--- What you will do ---
Once the line containing "Salah satu hal" is found, please copy it and all lines after it through the end of the records, exactly, leaving out pictures.

--- Data excerpts ---
____

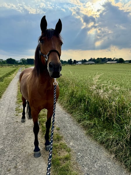 We are selling our Quarter Horse x Andalusian mare, Billy, born in 2011. After a year and a half, we have made the difficult decision to find her a more suitable home, as despite our efforts, the harmony between us has not developed as we had hoped. She is a confident horse with a lot of expression and personality. At the same time, it seems she has had positive experiences in the past – she is particularly sensitive in the stable. She also appears initially cautious around men. However, once she has built trust, she is a very affectionate, attentive horse that genuinely enjoys seeing her handler. Details: - Mare born in May 2011 (13 years old) - Height: 14.1 hh - Color: bay with a small white star - Pedigree: Quarter Horse x Andalusian - Approximately 90% blind in one eye, but this does not affect her performance - Slight saddle resistance Riding: We would say she is not suitable for beginners, as she definitely needs an experienced, calm rider with a gentle hand to ensure both are happy. Her tongue is sensitive/injured, so a soft, fair contact is especially important. She has basic reining training but has mostly been ridden for leisure by us. Due to family reasons, she has recently not been in regular work. Tempo & Terrain: If not properly challenged, she can become quite quick on some days and may even want to race. However, with regular work, she maintains a normal tempo and responds well. In the field, she generally enjoys hacking but is not 100% trail-safe. In certain situations, she may become stressed and restless – therefore, only suitable for riders who can handle such moments confidently. Otherwise, she is quite brave and not easily spooked. Herd Behavior: In the pasture, she is herd-compatible but needs plenty of space. In smaller paddocks, she should ideally be kept alone. She is very dominant but can coexist with geldings in the right setting. --- It is important to us that she finds a loving, experienced home where her sensitivity is understood, and she is given security through calm, clear, and fair handling. We wish for her a new home that may be a better fit – so she can truly find her people and feel at home there.
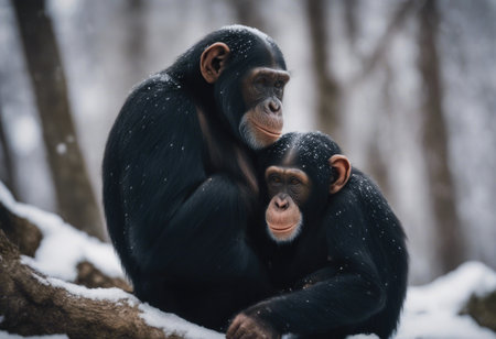Chimpanzee mother and baby cuddle in rainforest
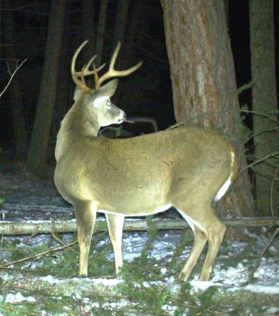 The little dog found the body – the buck had been hit by a vehicle, two legs broken, his head cut off, and left in the ditch by the pond. We had been watching him in person and on the game cam – a young buck with a lot of potential.
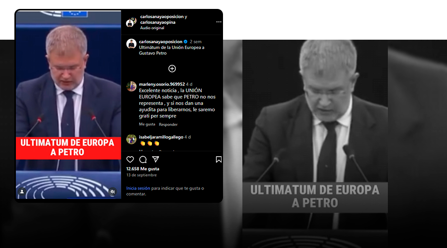 El video fue compartido por Carlos Luis Anaya, influenciador y excandidato al concejo de Floridablanca, Santander, por el partido Centro Democrático, a través de su cuenta de Instagram (@carlosanayaoposicion). Él aparece luego del clip y asegura: “Mucha atención que la Unión Europea acaba de mandarle un ultimátum a Gustavo Petro Urrego (...). Quiero que escuchen las declaraciones de la Unión Europea y toda Colombia a difundir”.
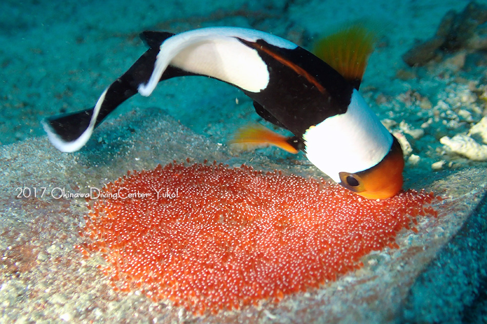 トウアカクマノミの卵が赤くて綺麗っ。 カクレクマノミはまさに産卵なう状態で産卵管を出して卵を産み付けてました。
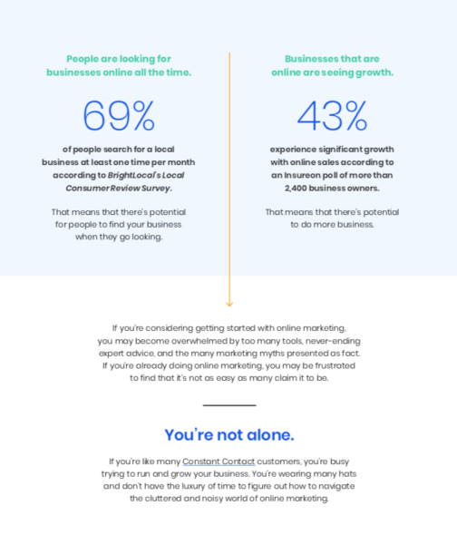 Salah satu hal yang ingin kami katakan kepada orang-orang yang mencari bantuan kami di Kontak Konstan adalah “Anda sudah mendapatkannya. Anda memiliki kami.” Dan kami percaya itu. Kami telah melihat orang-orang mulai terintimidasi, kewalahan, dan bingung oleh pemasaran online dan dengan cepat menjadi bersemangat karena mereka melihat bagaimana hal itu berdampak pada bisnis dan organisasi mereka.
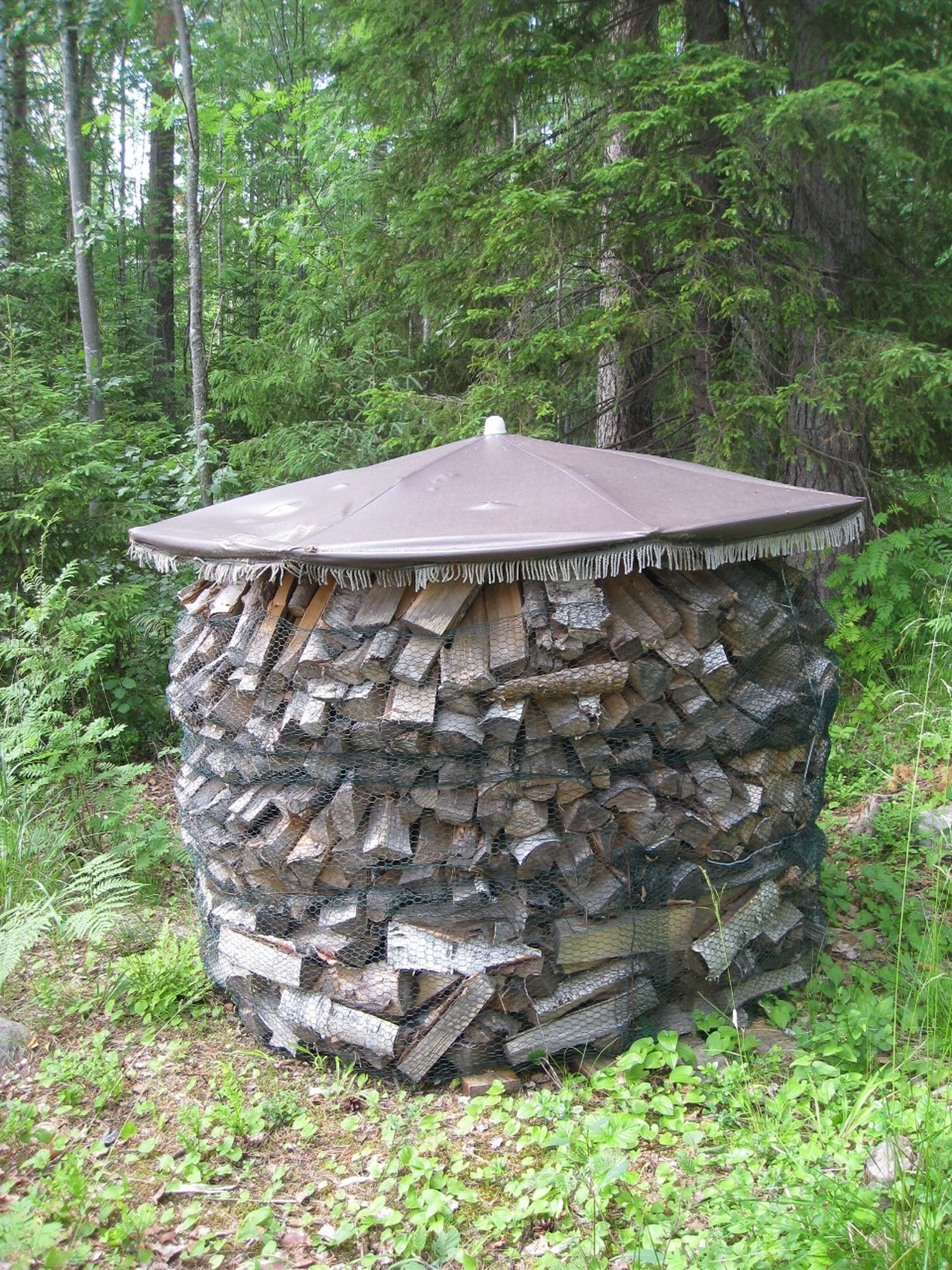 Tämä ihana arki: halkopino Halkotorni 29.6.2013 klo 16:45 Tavanomaisen pinon ladonta kyllästytti. Päätettiin rakentaa klapeista pyöreä torni vanhan päivänvarjon alle. Ursula
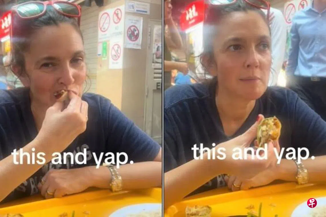 好莱坞女星Drew Barrymore(德鲁巴里莫尔)在麦士威熟食中心(Maxwell Food Centre)吃着薄饼和空心菜的视频,正在新加坡疯传,且已吸引63万人点击。
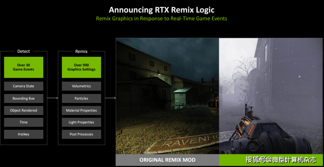 CES 2026上NVIDIA发布了RTX Remix的生态升级——RTX Remix Logic,将于2026年1月上线。全新的RTX Remix Logic的核心能力在于基于实时游戏事件动态调整Remix图形效果。RTX Remix Logic内置30+的游戏内事件检测机制,包括但不限于相机状态、边界框、渲染对象、时间及热键触发等。同时,在触发检测之后,RTX Remix则会相应启动超过900项的具体图形渲染设置,包括体积光、粒子、材质属性、光照属性以及后期处理等。这样就能够对具体游戏的实时场景需求进行更准确、更逼真的渲染增强。

____

--- Written solution ---
 Salah satu hal yang ingin kami katakan kepada orang-orang yang mencari bantuan kami di Kontak Konstan adalah “Anda sudah mendapatkannya. Anda memiliki kami.” Dan kami percaya itu. Kami telah melihat orang-orang mulai terintimidasi, kewalahan, dan bingung oleh pemasaran online dan dengan cepat menjadi bersemangat karena mereka melihat bagaimana hal itu berdampak pada bisnis dan organisasi mereka.
 Tämä ihana arki: halkopino Halkotorni 29.6.2013 klo 16:45 Tavanomaisen pinon ladonta kyllästytti. Päätettiin rakentaa klapeista pyöreä torni vanhan päivänvarjon alle. Ursula
 好莱坞女星Drew Barrymore(德鲁巴里莫尔)在麦士威熟食中心(Maxwell Food Centre)吃着薄饼和空心菜的视频,正在新加坡疯传,且已吸引63万人点击。
 CES 2026上NVIDIA发布了RTX Remix的生态升级——RTX Remix Logic,将于2026年1月上线。全新的RTX Remix Logic的核心能力在于基于实时游戏事件动态调整Remix图形效果。RTX Remix Logic内置30+的游戏内事件检测机制,包括但不限于相机状态、边界框、渲染对象、时间及热键触发等。同时,在触发检测之后,RTX Remix则会相应启动超过900项的具体图形渲染设置,包括体积光、粒子、材质属性、光照属性以及后期处理等。这样就能够对具体游戏的实时场景需求进行更准确、更逼真的渲染增强。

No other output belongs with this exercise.